**What is required**:
Return only the stretch of the material below that begins with the line containing "Pero normalmente forma" and ends with the line containing "Až na tom bude", exactly; both of those lines belong to it.

**Records supplied**:
━━━━━━━━

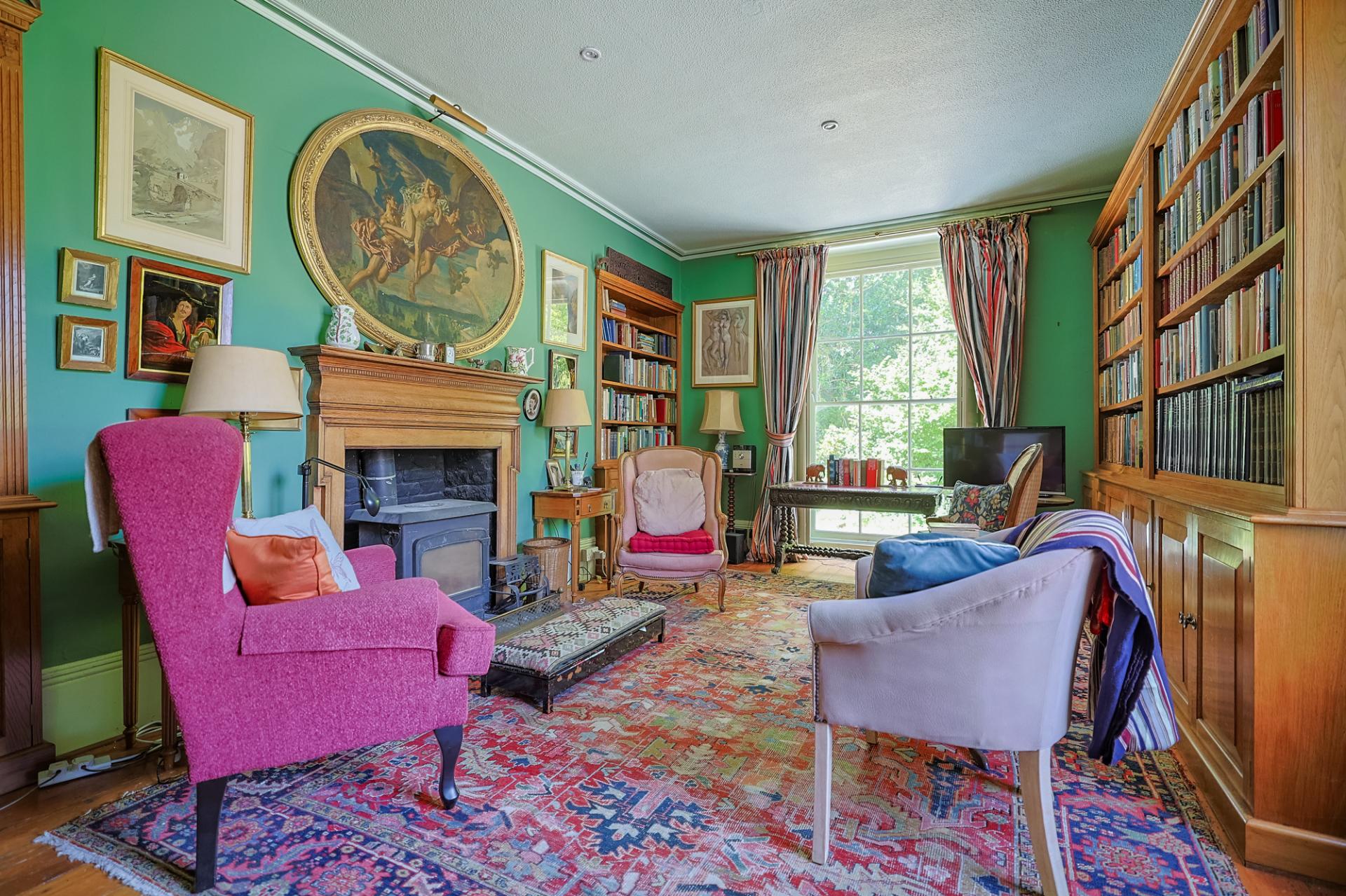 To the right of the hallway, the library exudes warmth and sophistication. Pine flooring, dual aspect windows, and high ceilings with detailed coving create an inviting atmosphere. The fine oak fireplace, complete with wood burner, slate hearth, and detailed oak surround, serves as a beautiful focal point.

━━━━━━━━

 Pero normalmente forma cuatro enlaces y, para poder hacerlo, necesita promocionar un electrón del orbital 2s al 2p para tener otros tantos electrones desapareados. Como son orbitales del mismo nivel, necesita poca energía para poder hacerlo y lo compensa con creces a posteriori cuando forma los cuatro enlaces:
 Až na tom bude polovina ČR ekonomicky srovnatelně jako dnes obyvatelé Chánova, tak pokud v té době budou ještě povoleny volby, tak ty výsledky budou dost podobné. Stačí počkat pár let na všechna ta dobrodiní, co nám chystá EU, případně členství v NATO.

━━━━━━━━

**Output for this exercise**:
 Pero normalmente forma cuatro enlaces y, para poder hacerlo, necesita promocionar un electrón del orbital 2s al 2p para tener otros tantos electrones desapareados. Como son orbitales del mismo nivel, necesita poca energía para poder hacerlo y lo compensa con creces a posteriori cuando forma los cuatro enlaces:
 Až na tom bude polovina ČR ekonomicky srovnatelně jako dnes obyvatelé Chánova, tak pokud v té době budou ještě povoleny volby, tak ty výsledky budou dost podobné. Stačí počkat pár let na všechna ta dobrodiní, co nám chystá EU, případně členství v NATO.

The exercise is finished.